Compute a matrix $P$ such that $P$ satisfies $3I+P+P^2=\left(\begin{smallmatrix}3&0&0\\3&6&0\\0&0&6\end{smallmatrix}\right)$ Question: Compute a matrix $P$ such that the matrix $P$ satisfies $3I + P + P^2 = \begin{pmatrix}  3 & 0 & 0\\ 3 & 6 & 0 \\ 0 & 0 & 6 \end{pmatrix}$
Attempt: First, I simplify the equation and get $P + P^2 = P(I + P) = \begin{pmatrix} 0 & 0 & 0 \\3 & 3 & 0\\ 0& 0 & 3\end{pmatrix}$. And then I don't know how to solve further. I think this question somehow is related to the characteristic polynomial, but I am not sure. I get stuck on this question for hours, could someone please help me out, thanks!

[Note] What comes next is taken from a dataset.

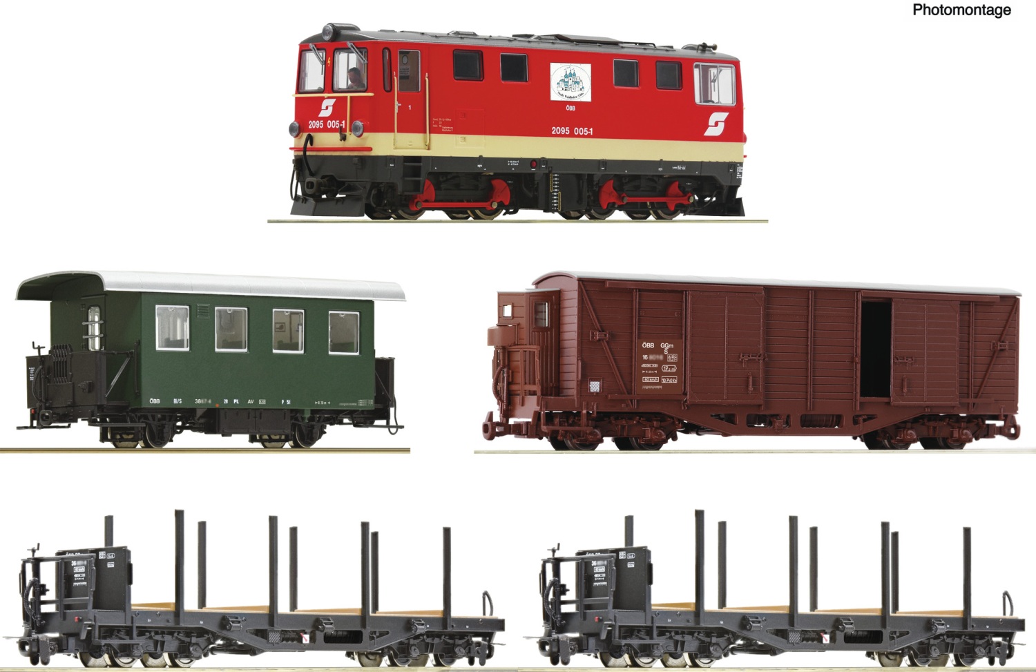 H0e - 5-tlg. Zugset Diesellok BR 2095 mit Güter-, Personenwagen, ÖBB, Ep. V
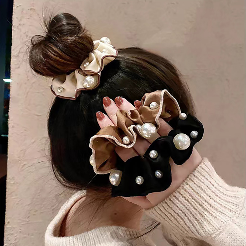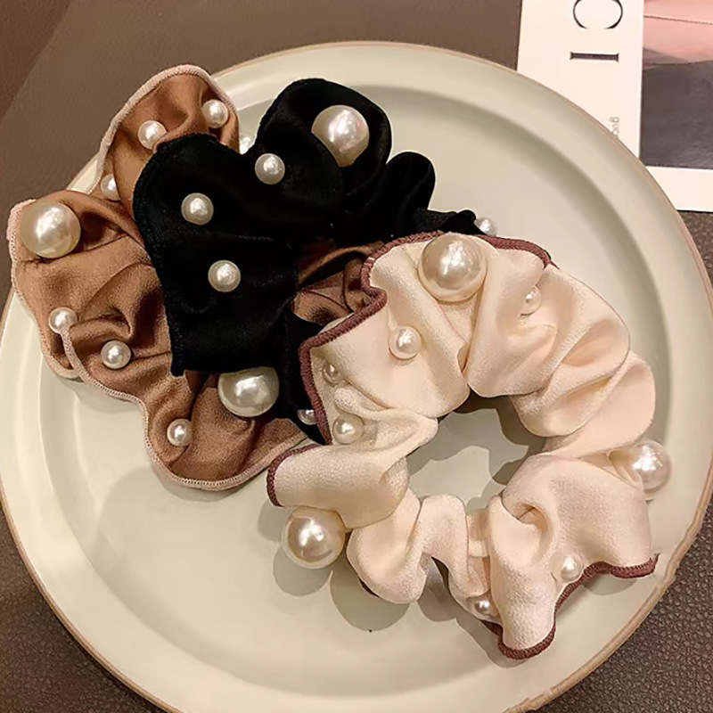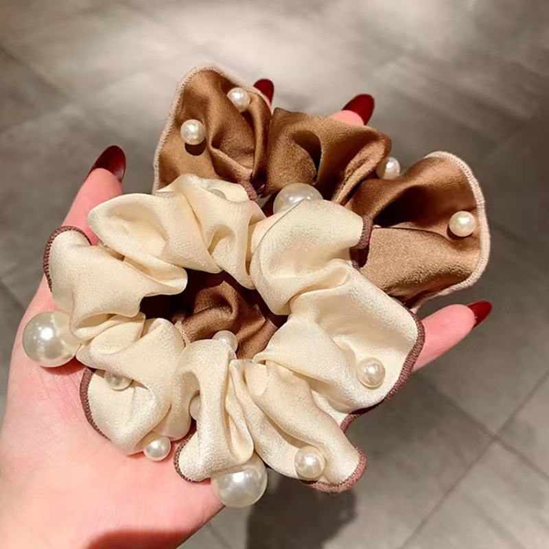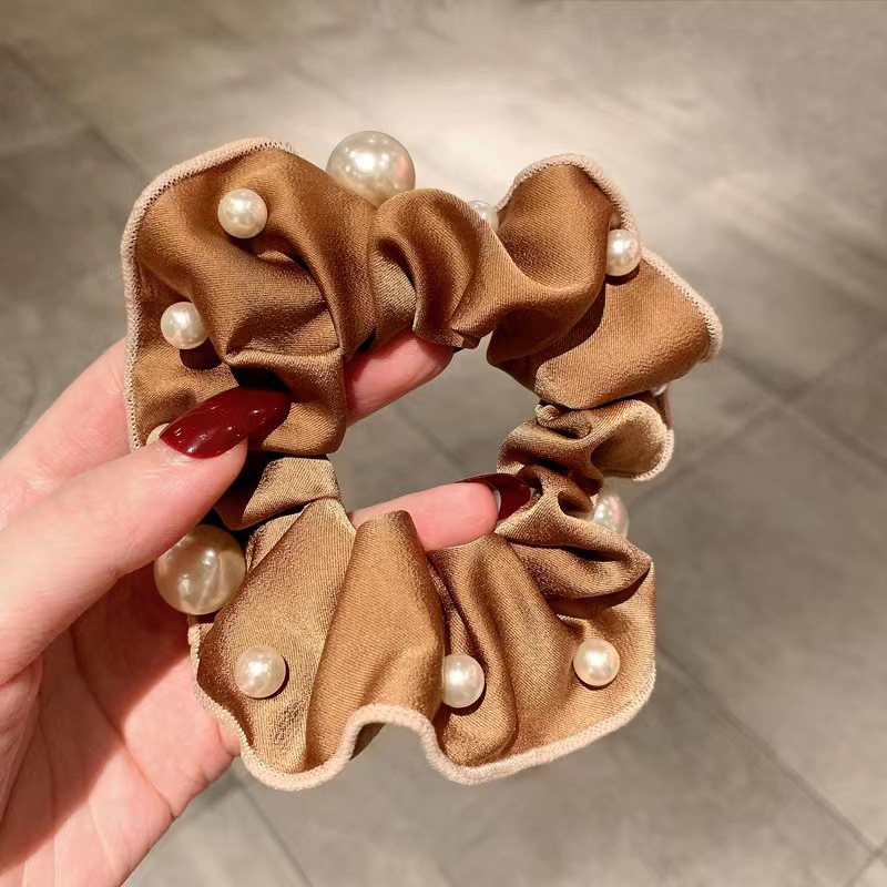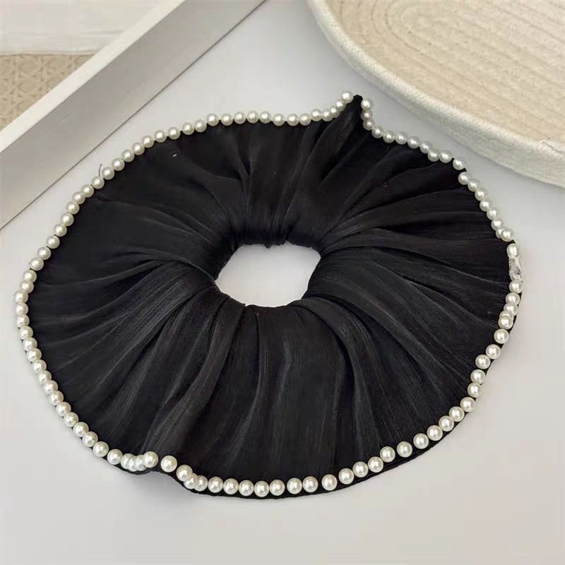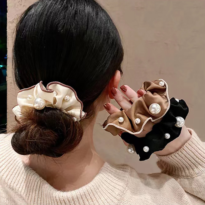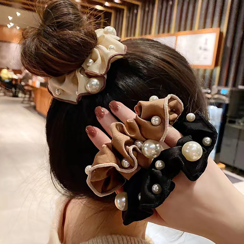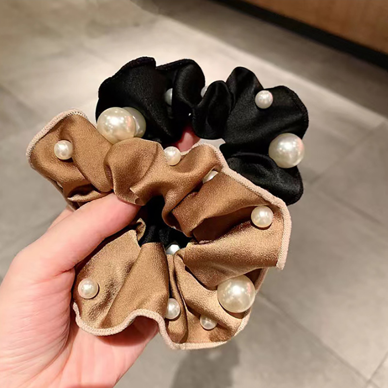 新款韩版珍珠发圈简约时尚布艺大肠发圈扎马尾丸子头发绳厂家批发

 A: This is a bit of a brute-force diagonalisation approach - I do feel as though there should be a simpler method, but this at least gives you an answer.

We can reduce this to solving an equation of the form $X^2=C$ by completing the square, as we would do in the real case. Note that (dropping the now-implicit identity matrix for scalars)
$$\left(P + \frac{1}{2}\right)^2 = P^2 + P + \frac{1}{4} \implies P^2 + P = \left(P + \frac{1}{2}\right)^2 - \frac{1}{4}$$
Writing $Q$ for the RHS of your original equation, we have
$$P^2 + P + 3 = Q \iff \left(P + \frac{1}{2}\right)^2 = Q - \frac{11}{4}$$
We now seek a matrix $X$ such that $X^2 = Q'$ where $Q' = Q - 11/4$. One way to do this is to diagonalise $Q'$ as
$$Q' = V^{-1} D V$$
where $D$ is diagonal, since then we find that taking
$$X = V^{-1} \sqrt{D} V \implies X^2 = Q'$$
and $\sqrt{D}$ is easy to calculate since we just take the square root of the diagonal entries. Indeed, such a decomposition is possible, with
$$V = \begin{pmatrix} -1 & 0 & 0 \\ 0 & 0 & 1 \\ 1 & 1 & 0 \end{pmatrix}, \quad D = \frac{1}{4} \begin{pmatrix} 1 & 0 & 0 \\ 0 & 13 & 0 \\ 0 & 0 & 13 \end{pmatrix}$$
Computing $X$, as indicated above, one can show that
$$
X = \frac{1}{2} \begin{pmatrix} 1 & 0 & 0 \\ \sqrt{13}-1 & \sqrt{13} & 0 \\ 0 & 0 & \sqrt{13} \end{pmatrix}$$
and hence
$$P = \frac{1}{2} \begin{pmatrix} 0 & 0 & 0 \\ \sqrt{13}-1 & \sqrt{13}-1 & 0 \\ 0 & 0 & \sqrt{13}-1 \end{pmatrix} = \frac{\sqrt{13}-1}{2} \begin{pmatrix} 0 & 0 & 0 \\ 1 & 1 & 0 \\ 0 & 0 & 1 \end{pmatrix}
$$
A: Let $C$ be the matrix on the RHS and $f(x)=x^2+x+3$. We want to solve $f(P)=C$.
Since $C$ is the direct sum of two diagonalisable submatrices $\pmatrix{3&0\\ 3&6}$ and $6$, it can be diagonalised as $C=MDM^{-1}$ where $D=\operatorname{diag}(3,6,6)$. (There is no need to calculate $M$; see below.)
Pick two roots $a$ and $b$ of $f(a)=3$ and $f(b)=6$ respectively. Let $g$ be the linear polynomial such that $g(3)=a$ and $g(6)=b$. One may obtain $g$ from the point-slope form $g(x)-a=\frac{b-a}{6-3}(x-3)$.
Then $f(g(D))=f(\operatorname{diag}(a,b,b))=D$. Therefore
$$
f(g(C))=f(g(MDM^{-1}))=Mf(g(D))M^{-1}=MDM^{-1}=C,
$$
i.e. $P=g(C)$ is a solution to $f(P)=C$.